Ten aanzien van het verwijt van klager dat de notarissen niet meer reageren op zijn e-mailberichten heeft notaris [geïntimeerde 1] desgevraagd ter zitting in hoger beroep verklaard dat zijn kantoor van klager meer dan tweehonderd e-mails heeft ontvangen die deels zeer onplezierig van aard waren. In zijn e-mailberichten, waarvan notaris [geïntimeerde 1] enkele voorbeelden heeft overgelegd, heeft klager, aldus notaris [geïntimeerde 1] , zich regelmatig op agressieve wijze uitgelaten waarbij allerlei onheuse aantijgingen zijn gedaan. Het valt notaris [geïntimeerde 1] zwaar om zijn lange notariële carrière op deze manier te moeten afsluiten.

5.11.

Het hof stelt vast dat klager op geen enkele manier concreet heeft gemaakt op welke inhoudelijke e-mailberichten notaris [geïntimeerde 1] niet heeft gereageerd. Ook overigens is het hof niet gebleken dat notaris [geïntimeerde 1] niet is ingegaan op vragen van klager. Ter zitting in hoger beroep heeft klager het relaas van notaris [geïntimeerde 1] over de ontvangst van de grote hoeveelheid soms agressieve e-mails niet weersproken. Klager heeft desgevraagd alleen maar verklaard dat notaris [geïntimeerde 1] ook met zijn belangen rekening moest houden. Het hof is van oordeel dat notaris [geïntimeerde 1] dit binnen de reikwijdte van zijn beperkte opdracht in voldoende mate heeft gedaan. Dat notaris [geïntimeerde 1] mogelijk niet meer gereageerd heeft op alle aanhoudende berichten van klager acht het hof niet tuchtrechtelijk verwijtbaar. Ook deze klacht is daarom ongegrond. Het hof voegt daar het volgende nog aan toe.
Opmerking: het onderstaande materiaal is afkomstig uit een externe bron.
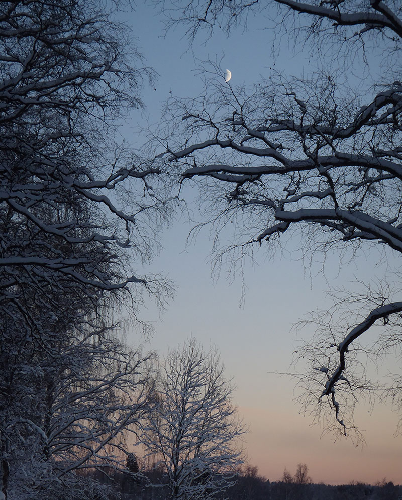 Dessa korta dagar går vi inte så långt ifrån varma soffan. Men även en liten tur kräver kamera, för det är ett fantastiskt väder, trots kylan. Det gäller att passa på medan solen är uppe. Eller månen.

De toonzetting van de door klager verzonden e-mails, waarvan het hof enkele voorbeelden heeft gezien, heeft in de loop der tijd een zodanige toon aangenomen dat constructief contact nauwelijks nog mogelijk was. Van een behoorlijk handelend rechtzoekende mag worden verwacht dat hij zijn standpunten niet op agressieve of grievende wijze kenbaar maakt, ook in geval van verschil van inzicht. De wijze waarop klager zich in zijn correspondentie structureel en herhaaldelijk jegens notaris [geïntimeerde 1] heeft uitgelaten, is in dat licht onwenselijk en onaanvaardbaar.

5.12.

Uit hetgeen hiervoor is overwogen volgt dat de beslissing van de kamer zal worden bevestigd en dat de in hoger beroep nieuw geformuleerde klachten onder 4.8 niet-ontvankelijk zullen worden verklaard.

6Beslissing

Het hof:

- verklaart de in hoger beroep nieuw geformuleerde klachten onder 4.8 niet-ontvankelijk;

- bevestigt de bestreden beslissing voor het overige.

Deze beslissing is gegeven door mrs. J.H. Lieber, E. de Greeve en Th.W. van Grafhorst en in het openbaar uitgesproken op 29 juli 2025 door de rolraadsheer.